10. We are unable to agree with
Shri Sanghi that by virtue of their length of service while holding current duty
charge as Assistant Accountants, his clients should be regularised in the said
posts. Merely because the same posts have been upgraded from Senior Clerks to Assistant
Accountants, it would not mean that persons who were given the current duty
charge could be regularised without any selection. The clients of Mr Sanghi
presumably hold lien in the posts of Senior Clerks. If they were to be
regularised as Assistant Accountants, the effect would be that they would be promoted
to the said posts. The Rules of 1978 prescribe the mode in which the promotions
can be made. This mode has to be followed before the appointments could be
made. If no statutory rules had existed, it may have been possible, though we
express no opinion on it, that the existing incumbents may have been
regularised. Where, however, statutory rules exist, the appointments and
promotions have to be made in accordance with the statutory rules specially
where it has not been shown to us that the Rules gave the power to the
appointing authority of relaxing the said Rules. In the absence of any such
power of relaxation, the appointment as Assistant Accountant could only be made
by requiring the candidates to take the examination which was the method which
was prescribed by the 1978 Rules.
11. We are informed at the Bar by
Dr Singhvi, on the basis of instructions received by him, that now there are about
323 posts of Assistant Accountants. Out of these about 80 have been filled on
the basis of the December 1973 examination. The respondents are directed to
fill 91 more vacancies on the basis of December 1993 examination which they
have already conducted. This will leave a balance of 152 vacancies. The number
of persons who are holding these posts on current duty charge appears to be
less than the number of vacancies so available. Therefore, there will be no
immediate danger of Mr Sanghi's clients being reverted to the post of Senior
Clerks. The respondents will be at liberty to continue to retain them in the
higher post, but it is made clear that the vacancies which had arisen prior to amendment
of the Rules in 1995 can only be filled in accordance with the 1978 Rules,
which means that if Mr Sanghi's clients want to be regularly appointed as Assistant
Accountants, they will have to compete with and take the examination under the
1978 Rules. This is with regard to the vacancies which remain and are required
to be filled under the 1978 Rules. Any vacancies which arise after 1995 will
have to be filled as per the amended Rules. It is but obvious that the seniority
in all these cases will have to be fixed according to the seniority rules which
are applicable.”
16. Similarly, their Lordships of
the Hon’ble Supreme Court in Arjun Singh Rathore and others versus B.N.

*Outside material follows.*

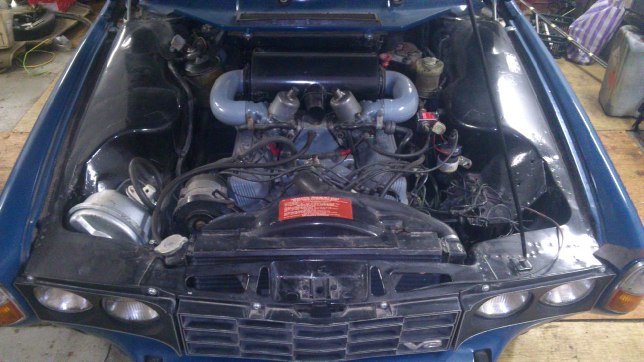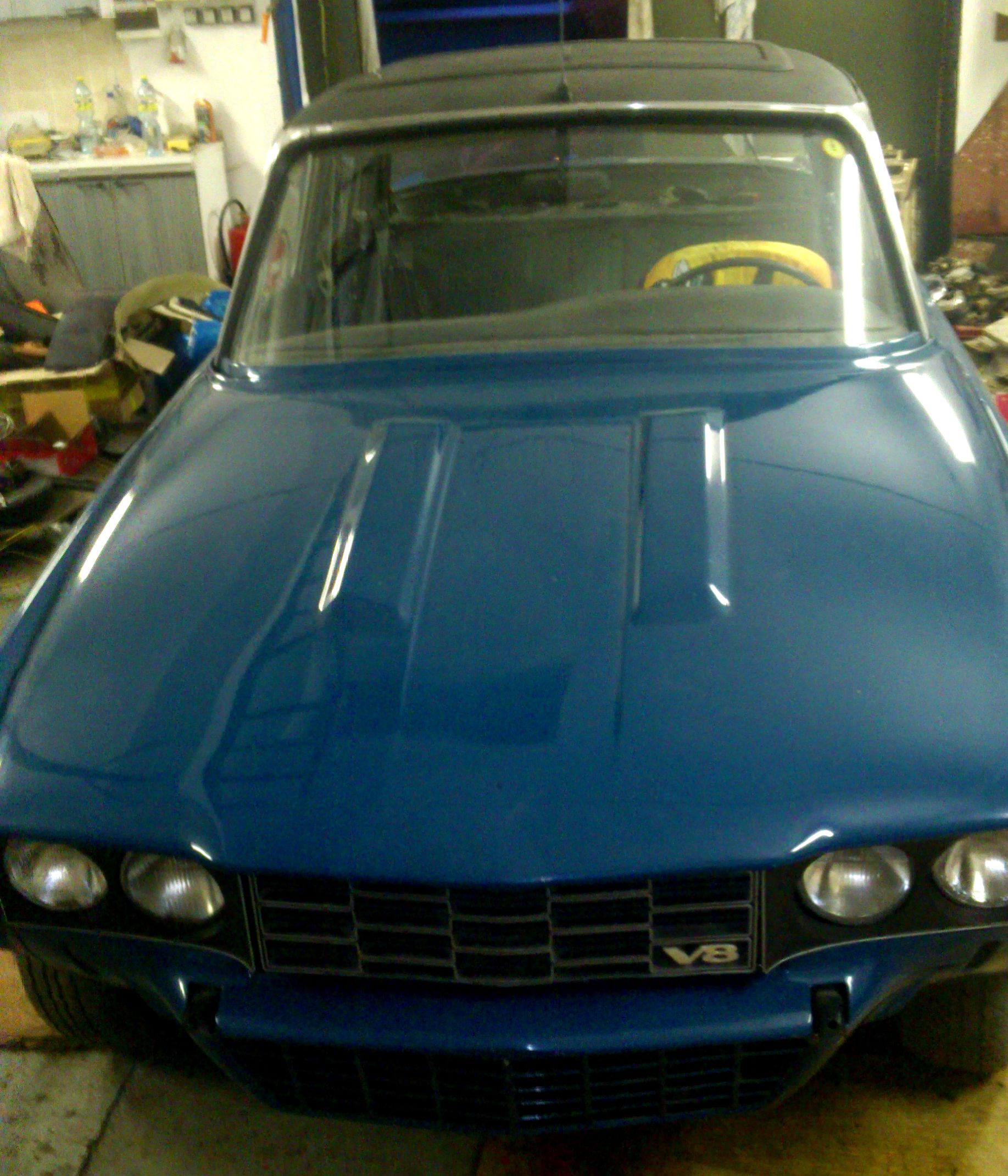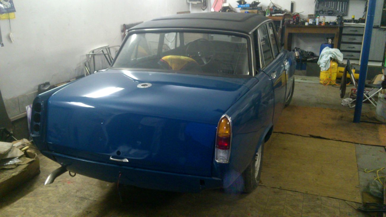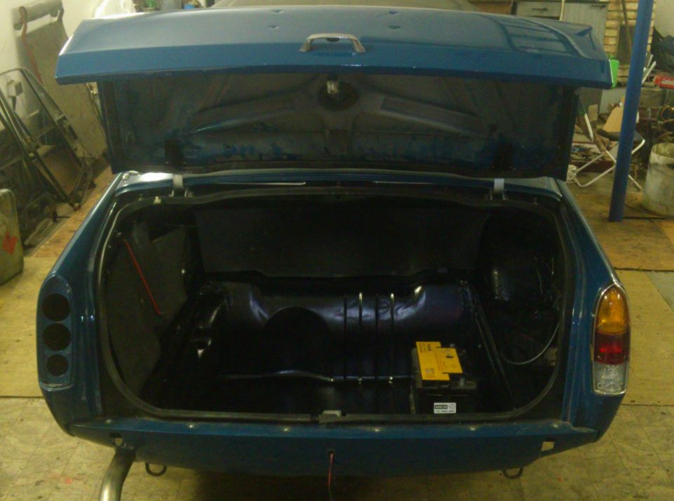 Tak jen nějaké info.... vnitřek vybrakován a natřen, je potřeba sehnat koberečky nebo je udělat, to samé je tapec na dveřích - uřezat papundekl a potáhnout bílou koženkou, horší to bude s madlama. Okna jsou ve dveřích usazeny, ale chybí prachovky - gumy. Kufr vytřena a to samé - nový kobereček. Po celém obvodě mi chybí ozdobné chrom.lišty. Některé věci se budou muset dovést z GB. Motor jde nahodit, studený hůř, teplej na drc, ale vidím to tak svíčky - seřídit ty dva karburátory SU a zapalování.

Chaturvedi and others , (2007) 11 SCC 605 have held that vacancies occurring
prior to promulgation of the Recruitment and Promotion Rules were to be filled
up according to the old Rules even though interview was held in 2000 when the
new rules had already been notified. Their Lordships have held as under:
`5. Mr. Calla, the learned senior
counsel for appellants has argued that the matter was fully covered by the
judgment of this Court in State of Rajasthan vs. R.Dayal 1997(10)SCC 419
wherein it had been held that the vacancies to be filled by promotion were to
be filed under the rules which were in operation on the date when the vacancies
had occurred. Relying on and referring to an earlier judgment in the case of Y.V.Rangaiah
vs. J.Sreenivasa Rao (1983) 3 SCC 284 it was opined as under:
`"This Court has
specifically laid (sic) that the vacancies which occurred prior to the
amendment of the Rules would be governed by the original Rules and not by the
amended Rules. Accordingly, this Court had held that the posts which fell
vacant prior to the amendment of the Rules would be governed by the original
Rules and not the amended Rules. As a necessary corollary, the vacancies that
arose subsequent to the amendment of the Rules are required to be filled in
accordance with the law existing as on the date when the vacancies arose."
6 The above legal position has
not been seriously disputed by the learned counsel for respondent Nos.6 &7.
We are therefore of the opinion that the vacancies which had occurred prior to
the enforcement of the Rules of 1998 had to be filled in under the Rules of
1988 and as per the procedure laid down therein. We are therefore of the
opinion that the judgment of the learned Single Judge needs to be restored. We
order accordingly.”
8. Ordinarily in view of
exposition of law by a coordinate Bench of this court, no further discussion in
the matter would have been required. However, respondents No. 7 to 42 in CWP
No. 9040 of 2013 have opposed the claim of the petitioners on the ground that
“old vacancies old rule is not rule of universal or absolute application” and that
the right to be considered in the light of existing rules would mean the rule
in force on the date on which consideration takes place. The requirement of
filling up old vacancies under old rule is interlinked with the candidate
having acquired a right to be considered for promotion. It is further contended
that the right to be considered for promotion accrues on the date of
consideration of eligible candidates. He further contends that until and unless
the applicable rule, as in Y.V.Rangaiah case (supra) lays down any particular
time frame within which the selection process is to be completed the rules in
operation at the time of consideration would prevail. According to him, the
consideration for promotion is yet to take place and vacancies now shall have
to be essentially made in accordance with the rules in operation.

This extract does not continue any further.